Traditionally, most radiographic descriptions of the coronary arteries have been based on the cine coronary angiograms performed by coronary ostia catheterization, and direct contrast media injection. In the last decade, the cardiac CT as a complementary imaging modality has brought new dimensions in coronary vessels imaging. It provides detailed anatomic information on coronary origin, course and branching and allows evaluation of all great mediastinal vessels. Various postprocessing methods enable also vessel walls evaluation.11, 12 The combination of the two above mentioned methods brings most comprehensive evaluation of the coronary anatomy.

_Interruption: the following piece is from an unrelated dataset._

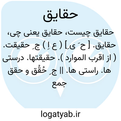( اسم ) جمع حقیقت. ۱ - حقیقتها. ۲ - ذاتیات واقعیات. یا حقایق ابداعی ( ابداعیه ). عقول مجرد و نفوس. یا حقایق ازلی ( ازلیه ). مثل افلاطونی ( آرائ اهل مدینه الفاضله قدمه ۱۱ ) یا حقایق اسمائ. اسمائ الهی. یا حقایق اشیائ. ذاتیات و فصول آنها.

However, rarely the single coronary artery with origination of the RCA from the distal LCx is, there can be found a handful of case reports in the recent scientific literature, that demonstrate the same or similar findings, that we encountered in our patient, as well as very useful comments on classification and nomenclature. 13-17


Coronary artery anomalies should be regarded as a diverse group of congenital disorders, whose manifestations and pathophysiological mechanisms are highly variable. Some of the anomalies like myocardial bridges are surely encountered in more than 1% of patients, and probably should be considered normal variant. Some other may have life-threatening consequences or may be encountered with other cardiac anomalies. The cardiac CT plays a key role in diagnostic algorithm of coronary artery variations imaging, and allows perfect anatomic depiction of the coronary artery course.